■ **Work task**
Take the line containing "スプリングスタンダードストラップレスTシャツ レッドルーズトップス ロング" through the last line of the data and retype those lines exactly. Pictures do not belong in the copy.

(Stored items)
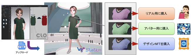 Vma plusが提供するメタバース「Vma plus Station」には、EC機能が搭載されています。これにより、ユーザーはメタバース内でアイテムをカスタマイズし、自分の好みの洋服を購入できるようになりました。また、アーティストのライブ中に使用された服飾品の販売や、メタバース上で展示されたデザインのリアル用、アバター用、またはNFTとしての販売が可能です。
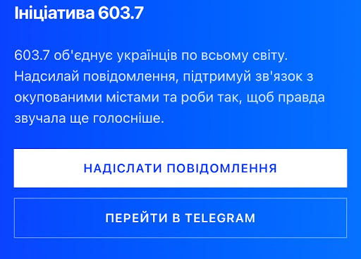 Платформа 603.7 створена для того, щоб мешканці окупованих територій могли бачити живі повідомлення від співгромадян: слова підтримки, подяку, історії, побажання, а іноді просто - «ви нам потрібні». У час, коли окупанти намагаються переконати людей, що Україна втратила інтерес до них, сервіс діє у зворотному напрямку: нагадує, що країна - поруч, незалежно від кордонів на карті.
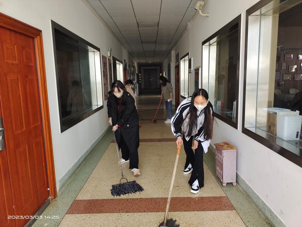 学生第一党支部党员采用主题党日活动形式,到烹饪楼,打扫公共卫生,组织疫情消杀,开展文明实践志愿服务活动。
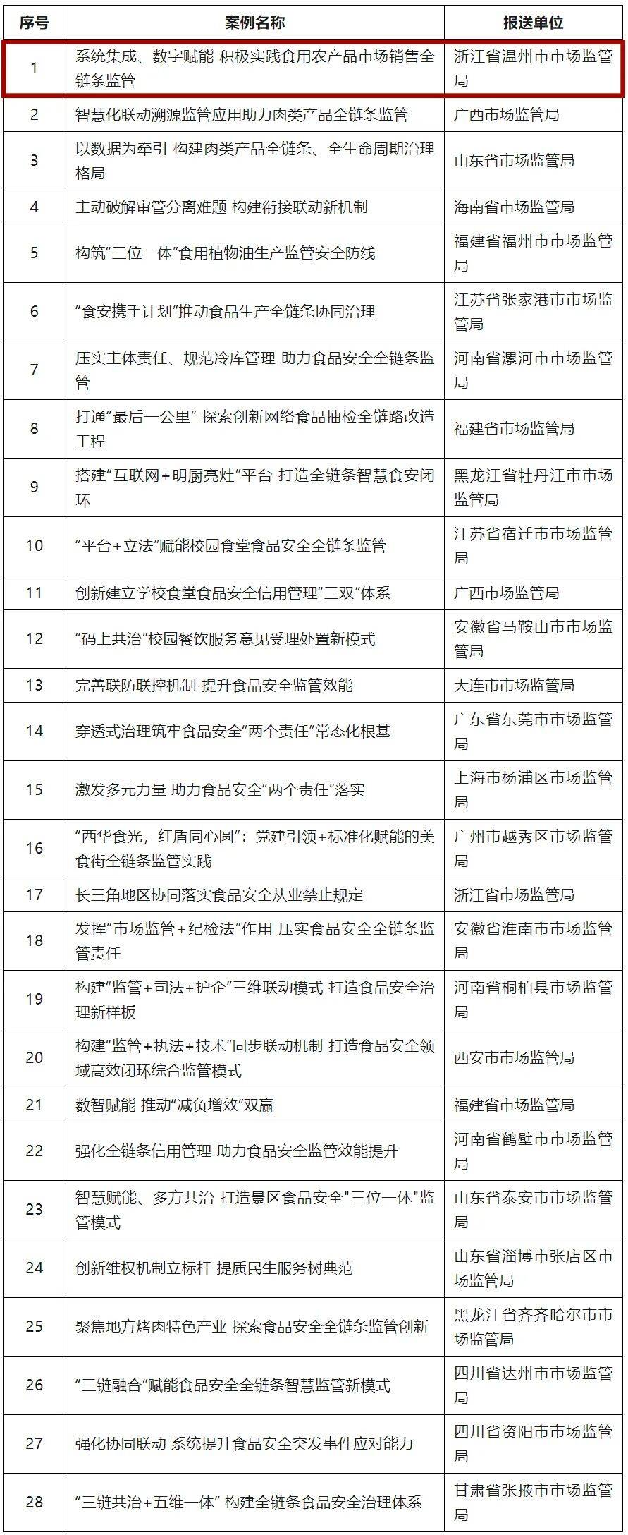 捷报!温州入选2025年食物平安全链条监管立异案
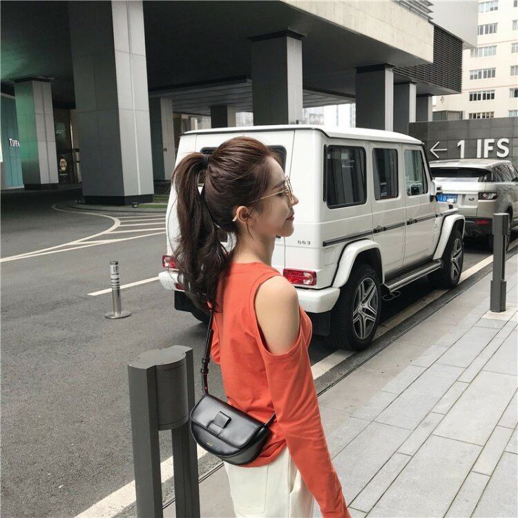 スプリングスタンダードストラップレスTシャツ レッドルーズトップス ロング レトロ 春物 ドラファッションホール68867502881
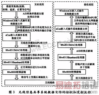 无线通信模块采用了Marvell公司的88w8000与88w8515芯片的组合,以eCos嵌入式可配置操作系统作为软件平台。eCos具有可配置性、可裁减性、可移植性和代码体积小的优势。他提供了功能强大的配置系统,可以在源码级实现对系统的配置和裁减,并且实现最小功能的eCos系统可以只有几百字节,方便的存储于FLASH。88w8515是集ARM9处理器、以太网MAC/BB处理器、IEEE802.11 MAC/BB处理器于一身的SoC,88w8000是工作于2.4 GHz频段的IEEE802.11g无线收发芯片。通过JTAG接口,我们可以对无线收发模块底层固件进行不断的修改和完善。整个无线信息共享系统工作时,数据文件在两个节点中的收发流程如图3所示。
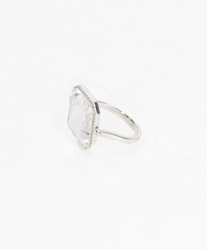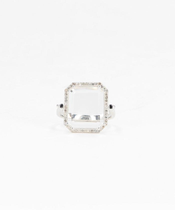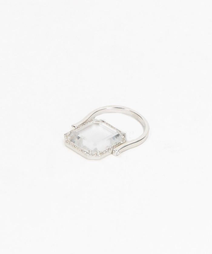 這枚精美的戒指上鑲嵌著一顆碩大的白色石英石,周圍鑲嵌著天然鑽石。
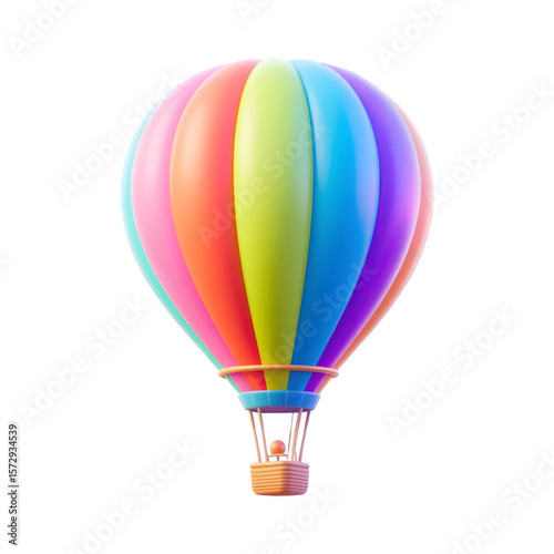© 3D PNG Element, Fototapeta premium Colorful hot air balloon with a basket isolated on transparent background
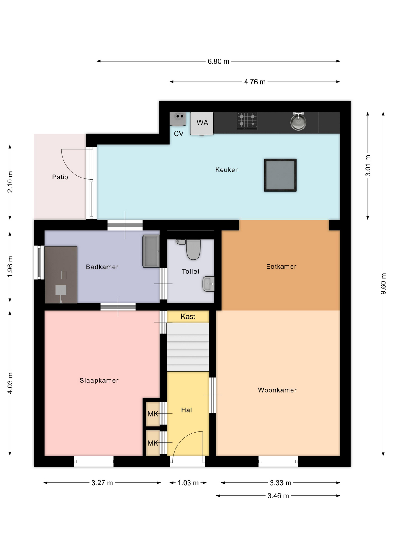 Via de inkomhal heeft u toegang tot de trapopgang naar de eerste verdieping, de meterkast en de eerste woning op de begane grond. De woonkamer staat in open verbinding met de keuken. De keuken, in lijnopstelling, is uitgerust met een vaatwasser, 4-pits gasfornuis, spoelbak, koelkast met vriesvak en afzuigkap. Naast de keuken bevinden zich de witgoedaansluitingen en de cv-installatie. Via de keuken bereikt u de badkamer en de slaapkamer aan de voorzijde van de woning.
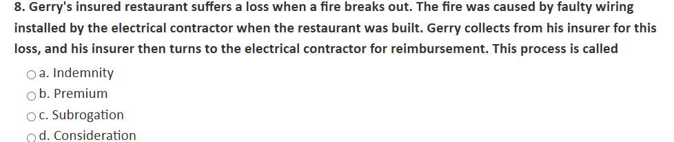 8. Gerry's insured restaurant suffers a loss when a fire breaks out. The fire was caused by faulty wiring installed by the electrical contractor when the restaurant was built. Gerry collects from his insurer for this loss, and his insurer then turns to the electrical contractor for reimbursement. This process is called a. Indemnity b. Premium c. Subrogation d. Consideration
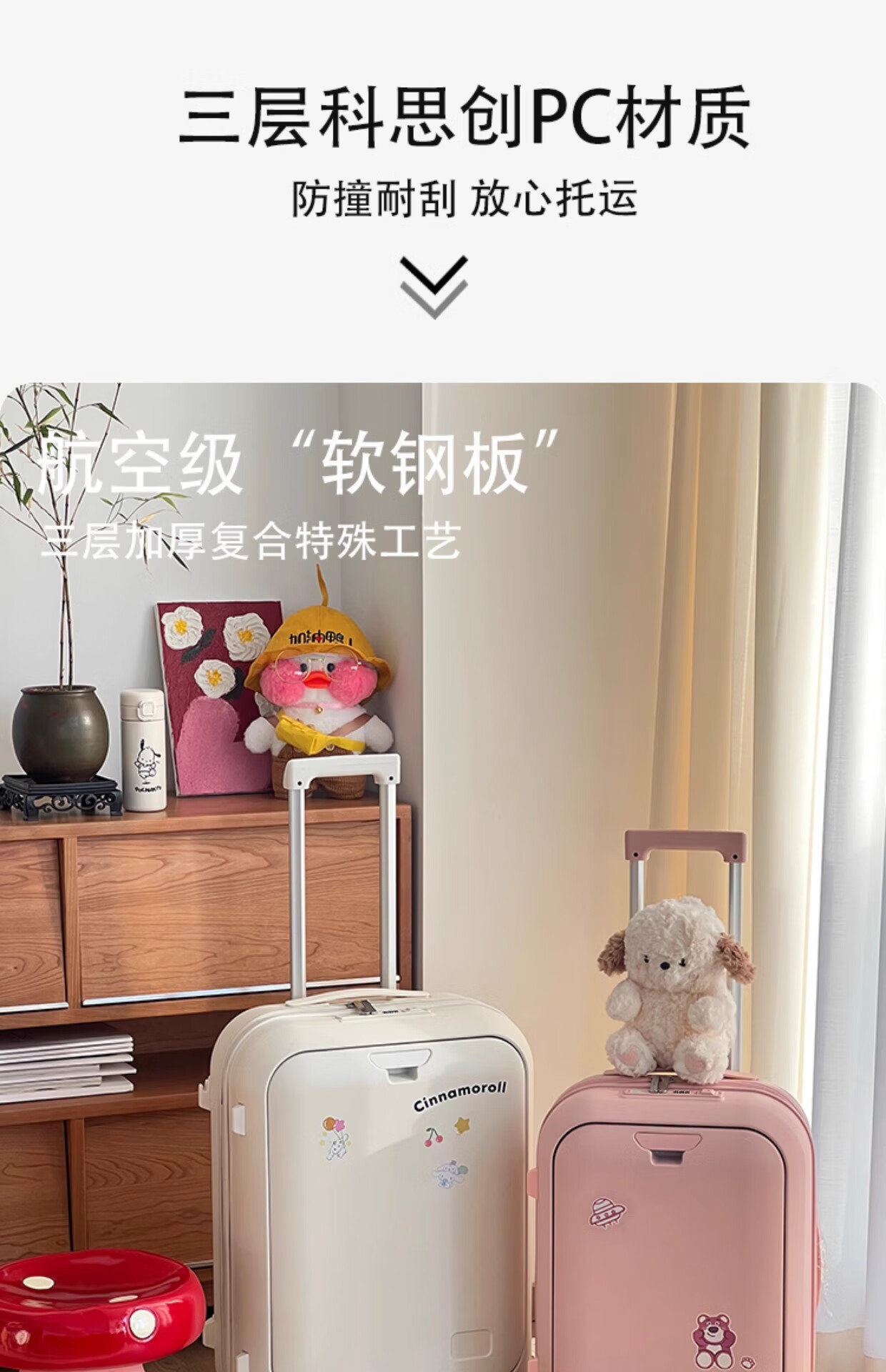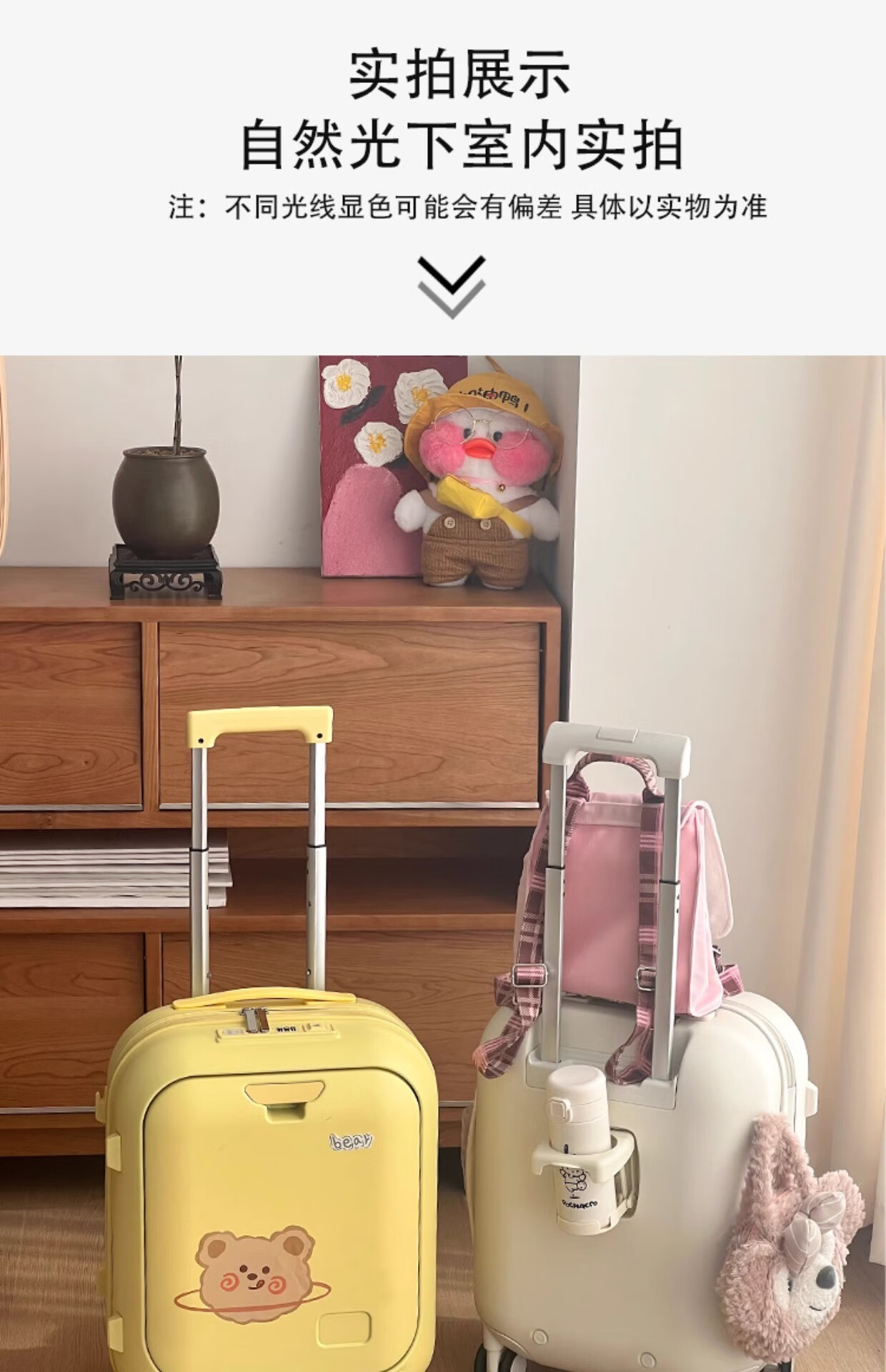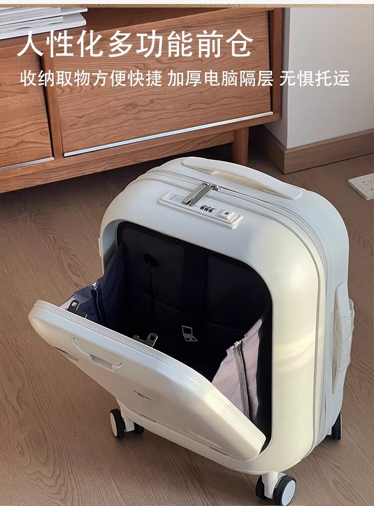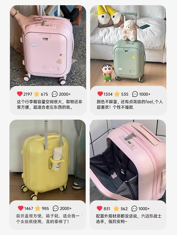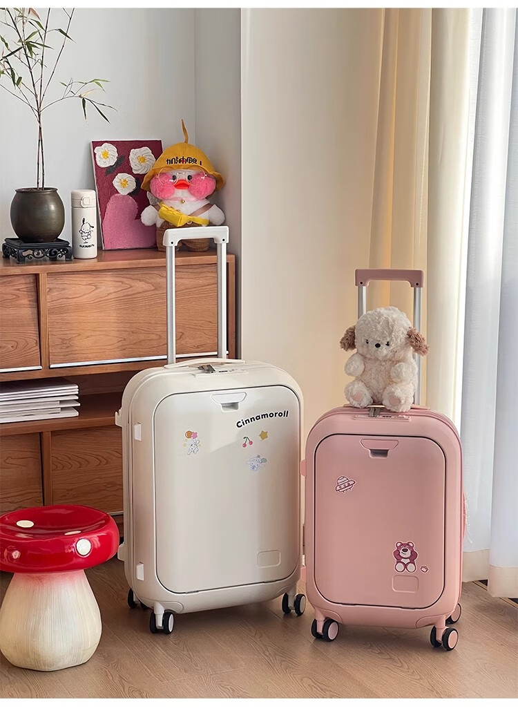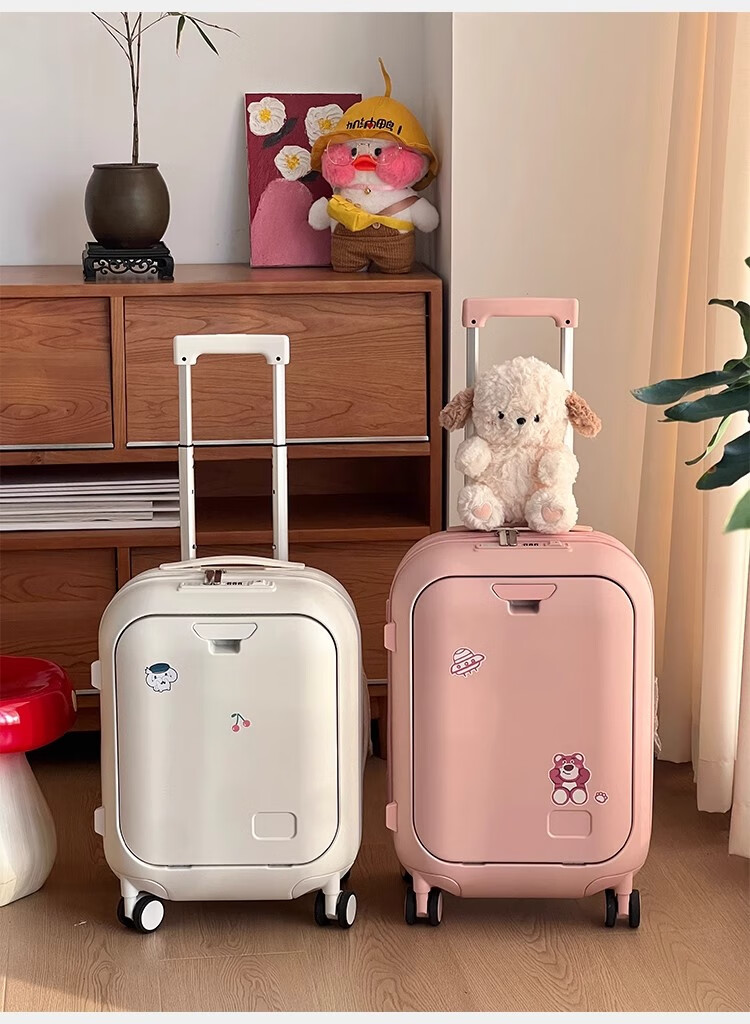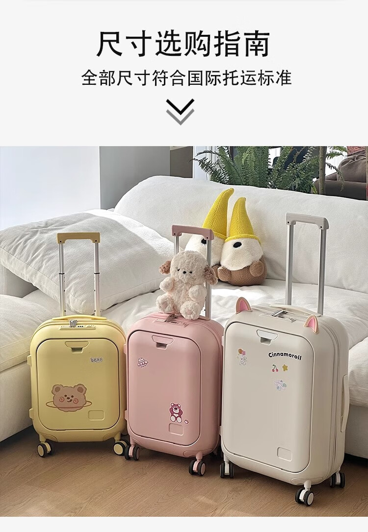 Woodpecker front-opening suitcase for children, cute, multifunctional, thickened, rideable suitcase, small, lightweight, check-in-free password box, lemon yellow - cup holder + side hook + charging interface, 20 inches, boardable - suitable for travel for 3-5 days

■ **Reply**
 スプリングスタンダードストラップレスTシャツ レッドルーズトップス ロング レトロ 春物 ドラファッションホール68867502881
 无线通信模块采用了Marvell公司的88w8000与88w8515芯片的组合,以eCos嵌入式可配置操作系统作为软件平台。eCos具有可配置性、可裁减性、可移植性和代码体积小的优势。他提供了功能强大的配置系统,可以在源码级实现对系统的配置和裁减,并且实现最小功能的eCos系统可以只有几百字节,方便的存储于FLASH。88w8515是集ARM9处理器、以太网MAC/BB处理器、IEEE802.11 MAC/BB处理器于一身的SoC,88w8000是工作于2.4 GHz频段的IEEE802.11g无线收发芯片。通过JTAG接口,我们可以对无线收发模块底层固件进行不断的修改和完善。整个无线信息共享系统工作时,数据文件在两个节点中的收发流程如图3所示。
 這枚精美的戒指上鑲嵌著一顆碩大的白色石英石,周圍鑲嵌著天然鑽石。
© 3D PNG Element, Fototapeta premium Colorful hot air balloon with a basket isolated on transparent background
 Via de inkomhal heeft u toegang tot de trapopgang naar de eerste verdieping, de meterkast en de eerste woning op de begane grond. De woonkamer staat in open verbinding met de keuken. De keuken, in lijnopstelling, is uitgerust met een vaatwasser, 4-pits gasfornuis, spoelbak, koelkast met vriesvak en afzuigkap. Naast de keuken bevinden zich de witgoedaansluitingen en de cv-installatie. Via de keuken bereikt u de badkamer en de slaapkamer aan de voorzijde van de woning.
 8. Gerry's insured restaurant suffers a loss when a fire breaks out. The fire was caused by faulty wiring installed by the electrical contractor when the restaurant was built. Gerry collects from his insurer for this loss, and his insurer then turns to the electrical contractor for reimbursement. This process is called a. Indemnity b. Premium c. Subrogation d. Consideration
 Woodpecker front-opening suitcase for children, cute, multifunctional, thickened, rideable suitcase, small, lightweight, check-in-free password box, lemon yellow - cup holder + side hook + charging interface, 20 inches, boardable - suitable for travel for 3-5 days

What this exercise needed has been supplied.